This is a story about the enshittification of LinkedIn. You are probably familiar with it.

I’ve been on LinkedIn for about 20 years. It started as a useful way to demonstrate my work experience, connect with current and past coworkers, and build business relationships. It was useful as a digital calling card of sorts.

At security conferences, I’d quickly pull up the app on my phone and befriend someone I had just met and had a conversation with. We’d keep in touch and Like or comment on each other’s LinkedIn posts.

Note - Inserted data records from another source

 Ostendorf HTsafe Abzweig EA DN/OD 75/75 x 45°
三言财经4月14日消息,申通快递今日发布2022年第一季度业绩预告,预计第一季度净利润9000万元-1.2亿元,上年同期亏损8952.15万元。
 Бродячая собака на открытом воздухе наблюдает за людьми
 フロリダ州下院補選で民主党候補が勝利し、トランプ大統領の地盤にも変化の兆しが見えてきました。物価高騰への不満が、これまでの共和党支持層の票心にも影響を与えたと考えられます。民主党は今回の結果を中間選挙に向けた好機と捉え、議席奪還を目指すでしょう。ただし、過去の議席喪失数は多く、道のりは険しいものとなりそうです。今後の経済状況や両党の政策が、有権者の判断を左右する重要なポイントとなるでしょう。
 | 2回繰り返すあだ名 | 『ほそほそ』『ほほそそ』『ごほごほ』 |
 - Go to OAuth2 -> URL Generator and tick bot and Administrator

Admittedly, most of those connections I made would never become anything else. We didn’t continue any real-world conversations or reach out to each other at all. These “friends” just became reminders of a short conversation I once had at a conference or workshop. I started wondering what the use of this site was, yet, everyone seemed to be using it, so I found myself curiously coming back once in a while.

Persistent Outreach

I can’t pick out an exact point in time that it started happening, but there was a noticeable shift in the kinds of connection requests I started getting. Maybe it coincided with my job title changes as they evolved and became more desirable for marketers to reach out to. Maybe it coincided with LinkedIn becoming a marketing person’s fertile playground. I am not sure, but something shifted.

One change I did notice, and I never felt like figuring out why, is that I started getting Followers in addition to people asking me to Connect. Some people would Follow me and then ask to Connect later. LinkedIn never did anything noticeable to explain what this all meant, but it happened.

Who? Why?

It was confusing, and I never felt like looking into it, so I just started ignoring them.

Sales Pitches

Everything started turning into sales pitches: requests to “run something by you,” get “10 minutes of your time,” show me an article they’d “really like your opinion on.” All in the name of making a connection –and possible sales lead– to meet a quota in SalesForce (most likely).

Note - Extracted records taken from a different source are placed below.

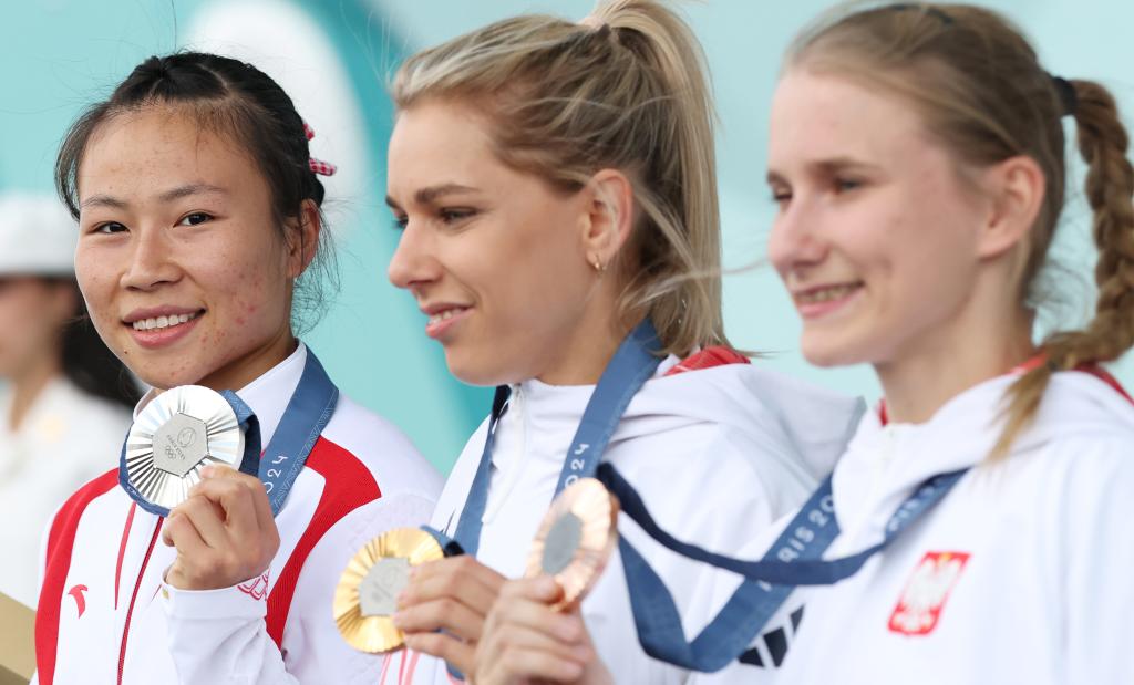 7일(현지시간) 은메달을 딴 중국의 덩리쥐안(왼쪽), 금메달을 딴 폴란드의 알렉산드라 미로슬라프(가운데), 동메달을 딴 폴란드의 알렉산드라 칼루카가 시상식에 참석해 있다.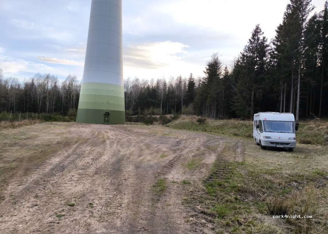 Au pied d'une éolienne terrains assez plat. calme éloigné de la route. l'éolienne ne gêne pas. on ne l'entend quasi pas. 5 a 7 emplacement facilement grand gabarit.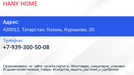 HANY HOME по адресу 420012, Татарстан, Казань, Курашова, 20 в дальнейшем Организация, размещена в следующих категориях: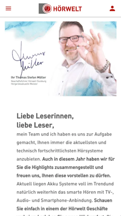 With our in-house APP, we, the team of Hörwelt Duisburg and Grafschafter Hörwelt, want to support and support you as our customer even better. Here you will find everything about hearing and better understanding. You will always be up to date, you will receive maintenance tips, event invitations, vouchers and much more. Create your own profile and benefit from many advantages around your hearing aid.

They even tried bribery in the form of sending me an Amazon gift card, just to meet with them for 30 minutes and hear their pitch. I know for a fact, based on experience, this would only lead to even more persistent follow-ups, “ticklers”, and pressurized tactics to sell to me.

I stopped going to LinkedIn as much.

Overly Persistent Salespeople

Within the last 2 years, I started getting connection requests alongside immediate follow-ups to my work email, and it became clear that I decided I needed to look into things – or shut down my LinkedIn account. Some setting somewhere must have changed, but I wasn’t sure what.

I was sure, however, that I had never put my work email address into LinkedIn. Yes, it was probably easy to guess based on who I work for, but this cold-calling tactic was sleazy and would immediately turn me off to any reputable vendors, especially when they had be annoyingly persistent by sending me multiple “just let me know if you’d like me to stop bugging you” types of emails.

In short: if you are a salesperson, please don’t do this.

Silent Privacy Changes

The company has implemented some invasive changes over the years, and didn’t bother to tell users – or buried the notices deep in their TOS that no one read. Their lack of privacy by default has always been concerning. Some of these were questionable, others, such as opting you in to AI training, were mind-boggling. There was even a short-lived lawsuit about that.

The AI setting you didn’t know about.

LinkedIn’s True Enshittification

The true indicator that we had reached the event horizon in the downfall of LinkedIn occurred sometime in the last year.

I logged in one day and saw that posts and comments had turned vitriolic. They had become like Twitter, like the comment section on your local newspaper’s website, or just about any thread on NextDoor these days.

An Executive Director!

People were making terrible statements with their employer’s name associated with them.

Posting your pronouns was never required. Why is it such a problem anyway?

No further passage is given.